Froman, of course, did not dwell on such threatening core provisions of the TPP.  What did he say about the pact?  Unsurprisingly, he recycled the tired pitch that the controversial deal would boost U.S. exports. He stated, “The Obama Administration has a strong record of success in promoting U.S. exports…” -- a claim ostensibly intended as a credit to the status quo trade policy that the TPP would expand. 

Actually, U.S. exports grew by zero percent in 2013, rendering virtually impossible Obama’s stated goal to double exports by the end of 2014. (At the export growth rate seen over the past two years, the export-doubling goal would not be reached until 2054.) That’s hardly a success story upon which to promote a more-of-the-same TPP. 

But perhaps the dismal export record of late is due to exports to countries with which we don’t have a “free trade” agreement (FTA) not keeping up with exports to our FTA partners? 

Nope.  U.S. goods exports to our 20 FTA partners actually fell slightly from 2012 to 2013, while exports to the rest of the world increased slightly.  This greater export growth to non-FTA partners than to FTA partners is not an anomaly.
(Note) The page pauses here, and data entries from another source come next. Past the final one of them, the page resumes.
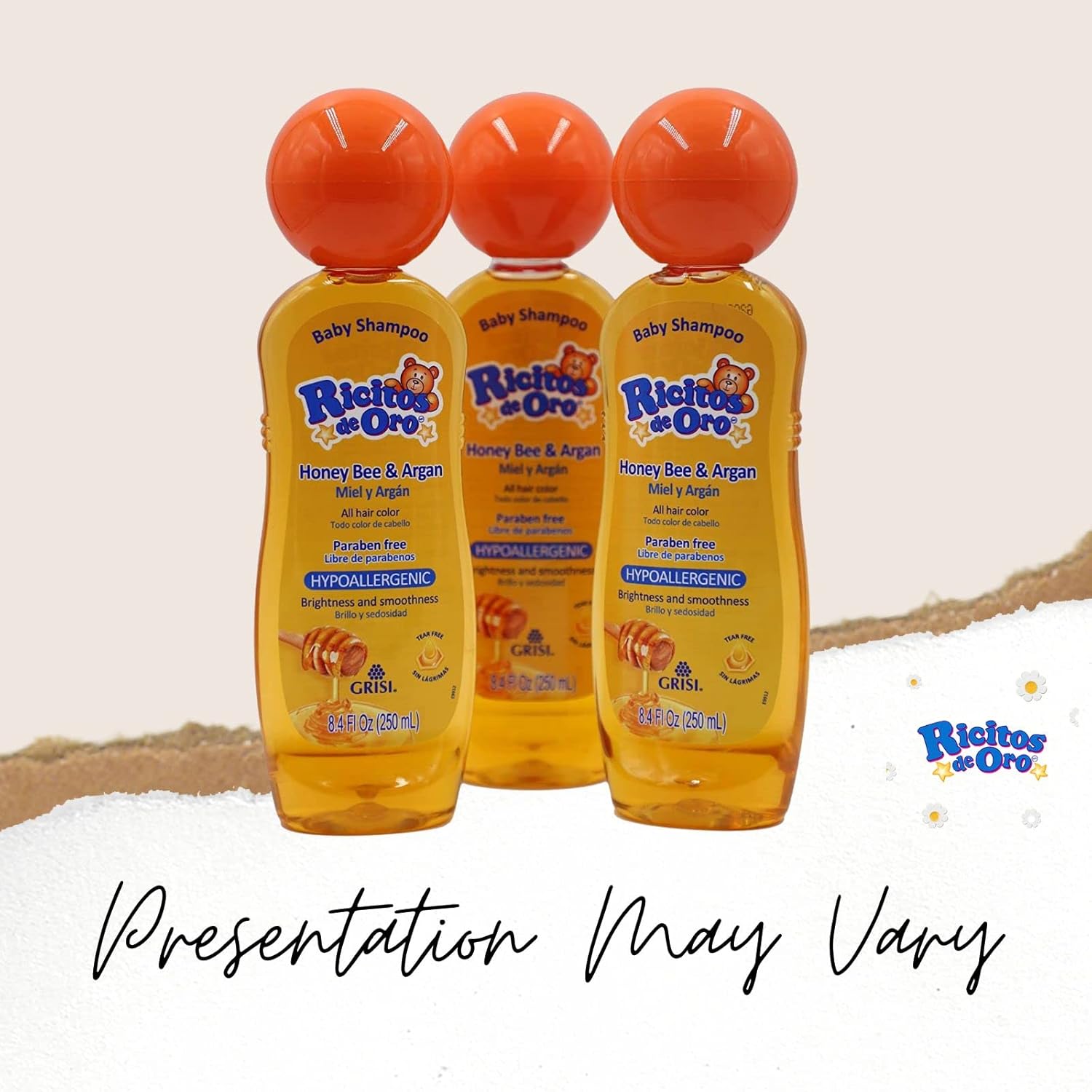 Ricitos de Oro Honey Bee Shampoo Baby Cleansing Shampoo Rattle Cap ParabenFree Product for Baby’s Delicate Hair Hypoallergenic 3-Pack of 8.4 FL Oz Each, 3 Bottles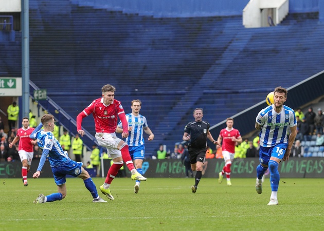 Josh Windass of Wrexham has his shot blocked by Liam Cooper of Sheffield Wednesday during the Sky Bet Championship match Sheffield Wednesday vs Wrexham at Hillsborough, Sheffield, United Kingdom, 31st January 2026, Credit:Richard Bierton/News Images / Avalon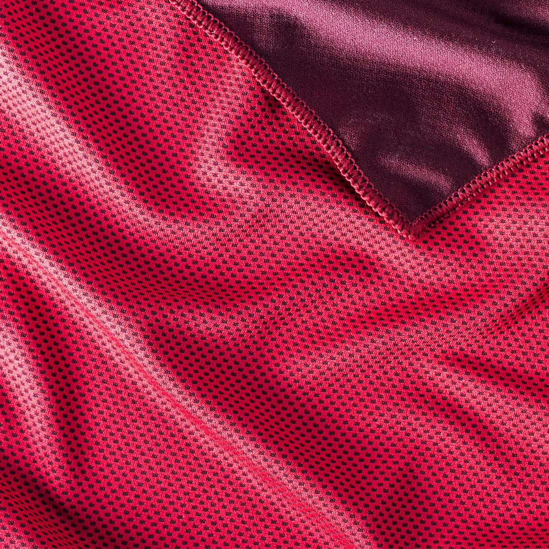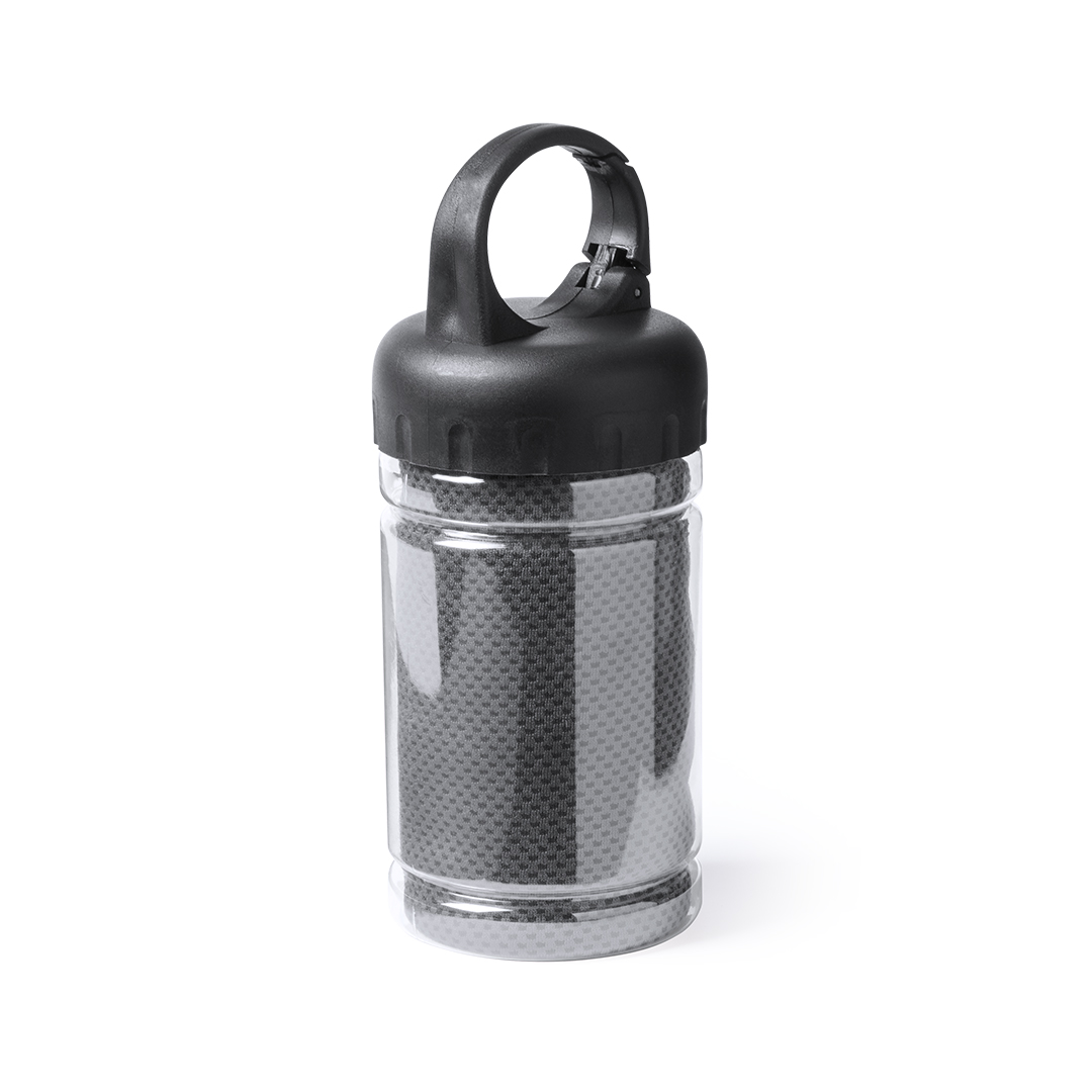 Toalla de 90x30cm en material refrigerante SoftCool Extreme con protección UV50. De 160g/m2 y presentada en estuche individual transparente con asa mosquetón de transporte integrada en tapa. Protección UV50 55% Nylon/ 45% Poliéster 160 g/ m2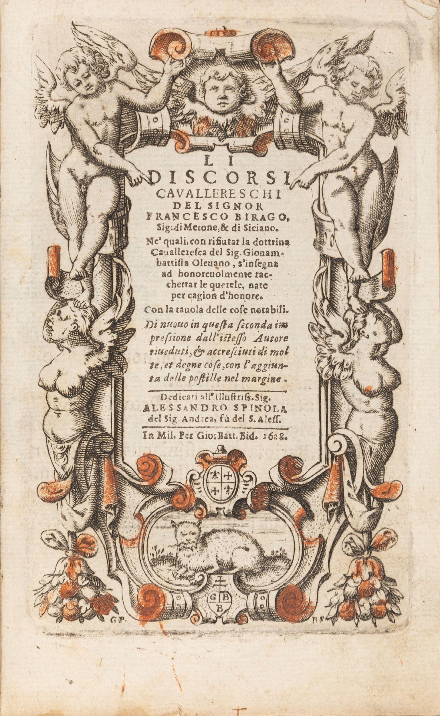 1628 Milano, per Giovan Battista Bidelli, 1628. In 8°. Marca tipografica sul frontespizio raffigurante un gatto con un topo in bocca in cornice ovale, in basso al centro iniziali GBB sormontate da doppia croce, ritratto in ovale dell'autore inciso da Gio. P. Bianchi, parziale coloritura del frontespizio, legatura coeva in cartonato. Ex libris manoscritti al foglio di guarda e uno stampato di Dionisi.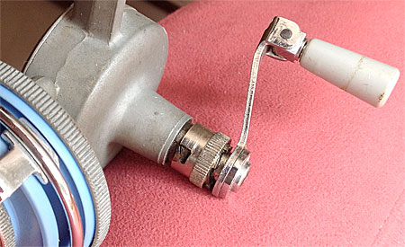 L'antiritorno è azionato da una ghiera in parte godronata e posta sull'asse della manovella.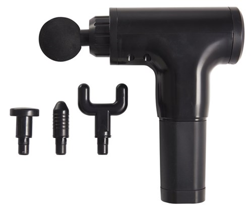 Massage pistol fra DAY. Bruges på ømme muskler og forbedrer din restitution. Med opladeligt batteri og flere hastigheder. 4 forskellige massagehoveder. . Lithium batteri: 2200mAh. 6 hastigheder. Ledningsfri. Støjniveau.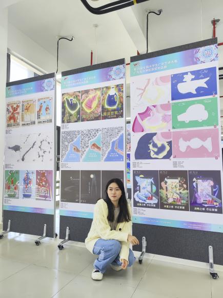 获奖学生在自己的作品前拍照(左)、学生参观获奖作品展览(右)(梁文峻 提供)
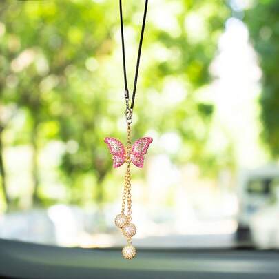 Đồ trang trí treo xe hình bướm pha lê lấp lánh, phụ kiện trang trí gương chiếu hậu sang trọng có tua rua, phụ kiện nội thất xe hơi dễ thương dành cho nữ.

Growth in U.S. goods exports to non-FTA partners has actually been 30 percent higher than growth in exports to FTA partners over the last decade. 

Froman particularly singled out agriculture and manufacturing as two sectors on whose behalf the administration is pushing the TPP and similar deals. On manufacturing, he stated:

In 2013, the United States exported nearly $1.4 trillion in manufactured goods, which accounted for 87 percent of all U.S. goods exports and 61 percent of U.S. total exports. To support the growth of manufacturing and associated high-quality jobs here at home, the Obama Administration will continue to pursue trade policies aimed at keeping American manufacturers competitive with their global peers.

Last year, the United States ran a trade deficit in manufactured goods with its 20 FTA partners that topped $52.4 billion.  This represented an 8 percent increase from the $48.7 billion manufacturing trade deficit with FTA partners in 2012.  In contrast, the U.S. manufacturing trade deficit with non-FTA countries declined by 3 percent from 2012 to 2013.  Supporting U.S. manufacturing requires rethinking status quo trade policies, not “continuing to pursue” them. 

On agriculture, Froman stated:

Agriculture is vital to the American economy. In 2013, U.S. farmers and ranchers exported a record $148.4 billion of food and agricultural goods to consumers around the world. In 2014, the Administration aims to help them build on that record performance.

The U.S. agricultural trade balance with U.S. FTA partners last year was a $7.7 billion deficit, which represented a doubling of the U.S. agricultural trade deficit with FTA partners from 2012.  That's hardly a “record performance” for the trade policy model that the TPP would expand.

Froman was right to say that trade policy can promote our values when “done right.” Based on the evidence, we must not be doing it right.